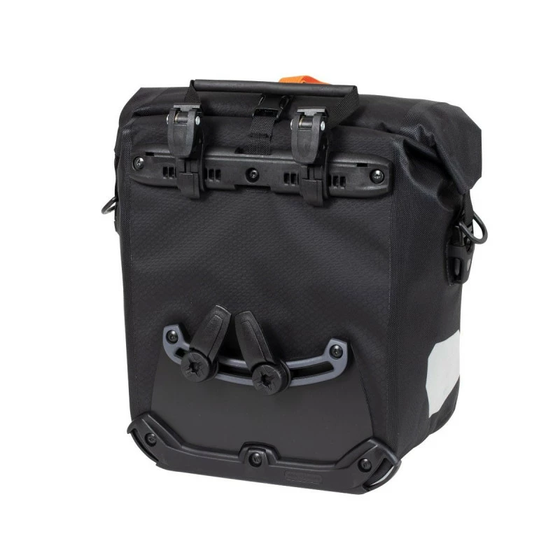 Sacoches avant étanches avec système de fermeture simple à enroulement avec accroche sur les côtés. Coutures soudées et toile souple de Cordura (sans PVC) doublée de caoutchouc PU pour une parfaite étanchéité. Nouveau système de fixation au vélo Quick-Lock2.1 réglable sans outils.
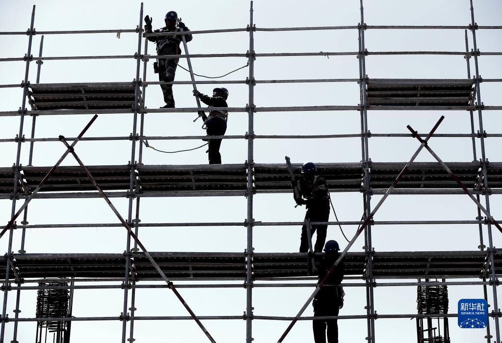 4月28日,在位于山東省青島市即墨區的中建八局四公司一處項目工地,建筑工人參加腳手架搭設項目比賽。
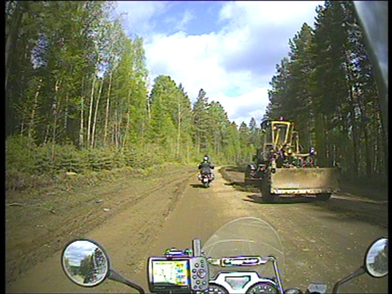 Nach etwa 200 km Gerödel über diese üblen Pisten werden wir bei Tayshet wieder mal kontrolliert. Der Herr Gendarm ist richtig nett und witzig, so dass es uns regelrecht geärgert hat kein Russisch zu können, um ein bisschen mit ihm zu schäkern. Auch ihm ist ein kleiner Plausch mit den fremden Motorradfahrern lieber, als die Kontrolle irgend- welcher Papiere.
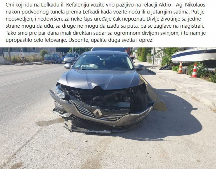 "Oni koji idu na Lefkadu ili Kefaloniju vozite vrlo pažljivo na relaciji Aktio - Ag. Nikolaos nakon podvodnog tunela prema Lefkadi kada vozite noću ili u jutarnjim satima. Put je neosvetljen, i nedovršen, za neke GPS uređaje čak nepoznat. Divlje životinje sa jedne strane mogu da uđu, sa druge ne mogu da izađu sa puta, pa se zaglave na magistrali. Tako smo pre par dana imali direktan sudar sa ogromnom divljom svinjom, i to nam je upropastilo celo letovanje. Usporite, upalite duga svetla i oprez!", napisao je on.
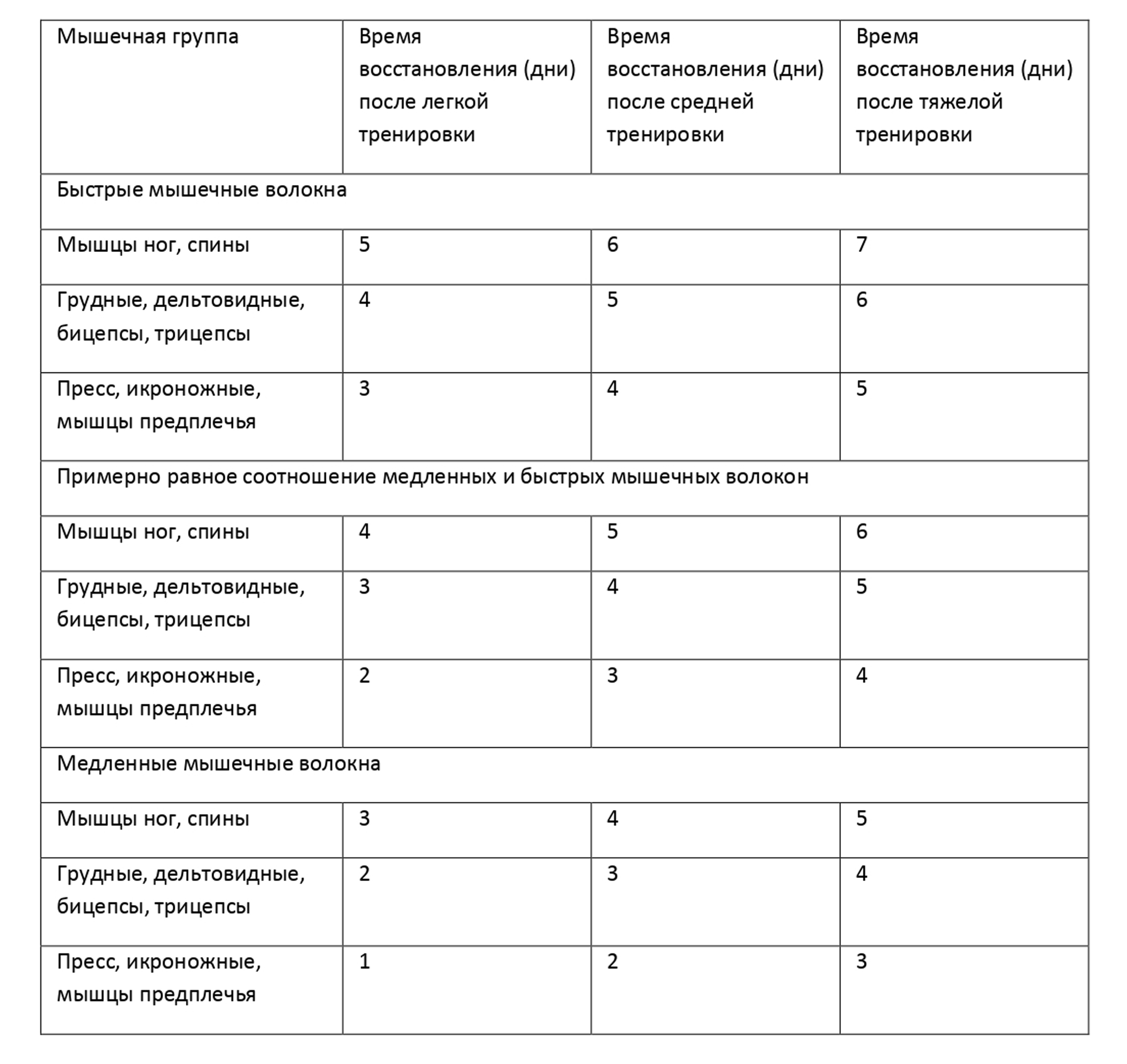 После определения типа мышечных волокон для начинающего атлета будет полезно знать время восстановления основных мышечных групп.

What you will do
Extract the run of lines from the line holding "Nach etwa 200" through the final line of the material above, exactly and inclusively. Leave the pictures behind.

Response to the exercise
 Nach etwa 200 km Gerödel über diese üblen Pisten werden wir bei Tayshet wieder mal kontrolliert. Der Herr Gendarm ist richtig nett und witzig, so dass es uns regelrecht geärgert hat kein Russisch zu können, um ein bisschen mit ihm zu schäkern. Auch ihm ist ein kleiner Plausch mit den fremden Motorradfahrern lieber, als die Kontrolle irgend- welcher Papiere.
 "Oni koji idu na Lefkadu ili Kefaloniju vozite vrlo pažljivo na relaciji Aktio - Ag. Nikolaos nakon podvodnog tunela prema Lefkadi kada vozite noću ili u jutarnjim satima. Put je neosvetljen, i nedovršen, za neke GPS uređaje čak nepoznat. Divlje životinje sa jedne strane mogu da uđu, sa druge ne mogu da izađu sa puta, pa se zaglave na magistrali. Tako smo pre par dana imali direktan sudar sa ogromnom divljom svinjom, i to nam je upropastilo celo letovanje. Usporite, upalite duga svetla i oprez!", napisao je on.
 После определения типа мышечных волокон для начинающего атлета будет полезно знать время восстановления основных мышечных групп.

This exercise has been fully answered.